**What the task asks**. Please give the listing again in full, leaving out its images.

**Data block**.
====================

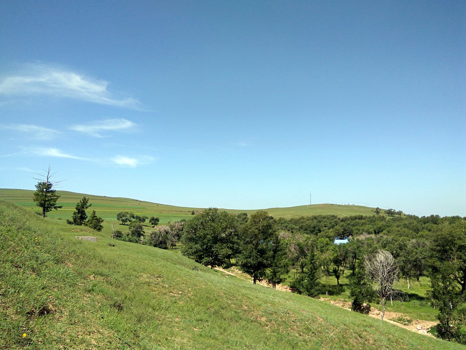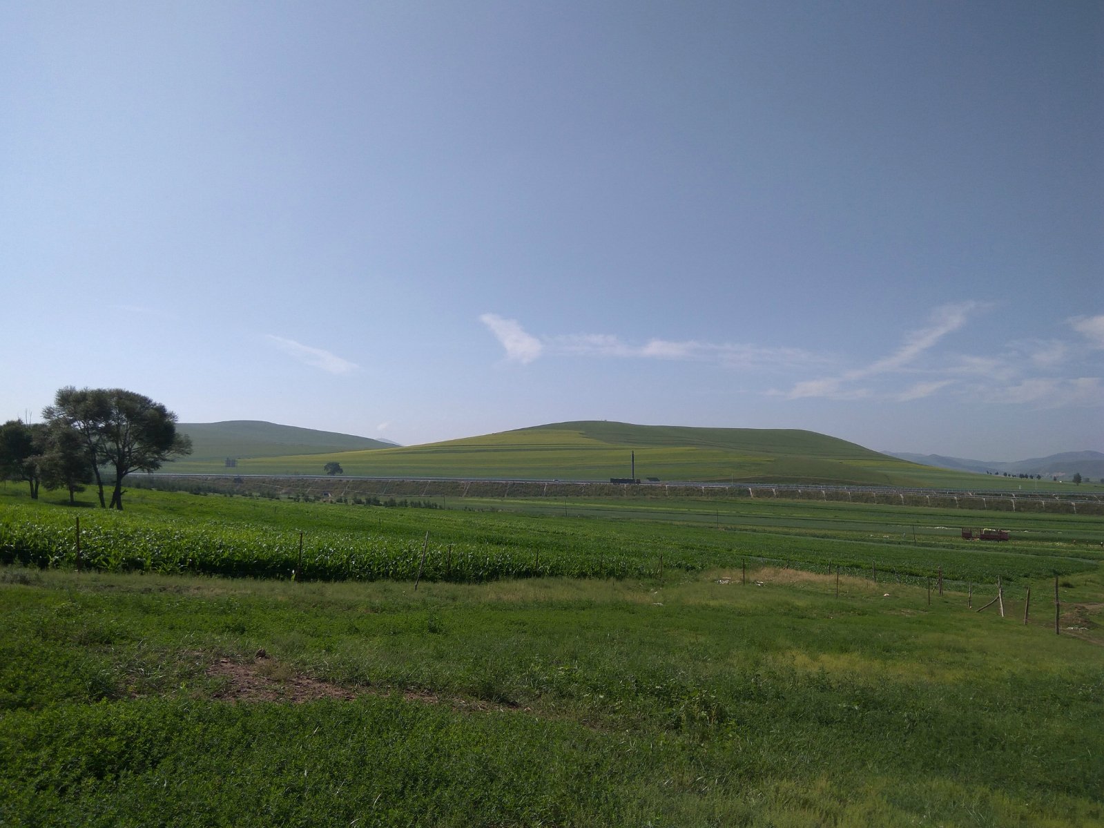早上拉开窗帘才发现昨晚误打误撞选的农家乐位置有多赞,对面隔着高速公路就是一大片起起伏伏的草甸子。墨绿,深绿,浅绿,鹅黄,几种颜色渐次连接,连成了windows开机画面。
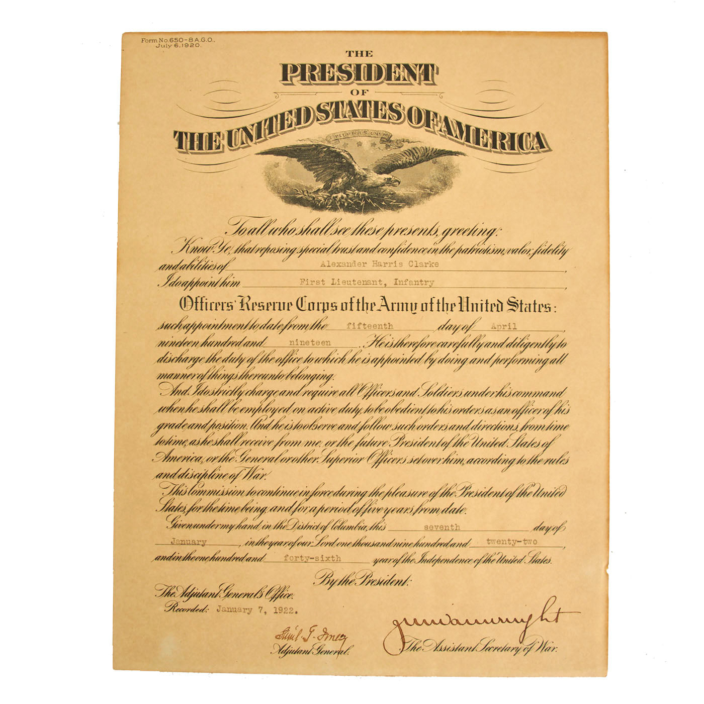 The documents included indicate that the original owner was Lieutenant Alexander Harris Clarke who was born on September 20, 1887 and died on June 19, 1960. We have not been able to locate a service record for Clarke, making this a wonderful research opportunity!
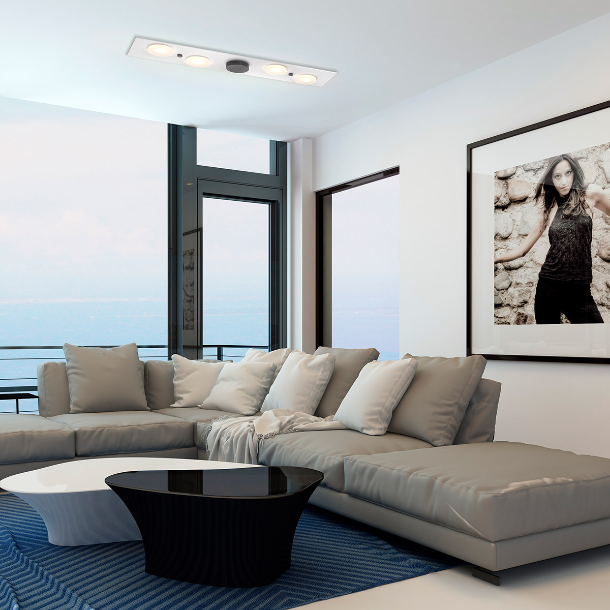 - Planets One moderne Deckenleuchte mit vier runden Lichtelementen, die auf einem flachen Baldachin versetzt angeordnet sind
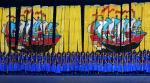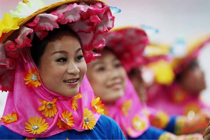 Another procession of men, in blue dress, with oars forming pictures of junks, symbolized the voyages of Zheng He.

====================

**Problem solution**.
早上拉开窗帘才发现昨晚误打误撞选的农家乐位置有多赞,对面隔着高速公路就是一大片起起伏伏的草甸子。墨绿,深绿,浅绿,鹅黄,几种颜色渐次连接,连成了windows开机画面。
 The documents included indicate that the original owner was Lieutenant Alexander Harris Clarke who was born on September 20, 1887 and died on June 19, 1960. We have not been able to locate a service record for Clarke, making this a wonderful research opportunity!
 - Planets One moderne Deckenleuchte mit vier runden Lichtelementen, die auf einem flachen Baldachin versetzt angeordnet sind
 Another procession of men, in blue dress, with oars forming pictures of junks, symbolized the voyages of Zheng He.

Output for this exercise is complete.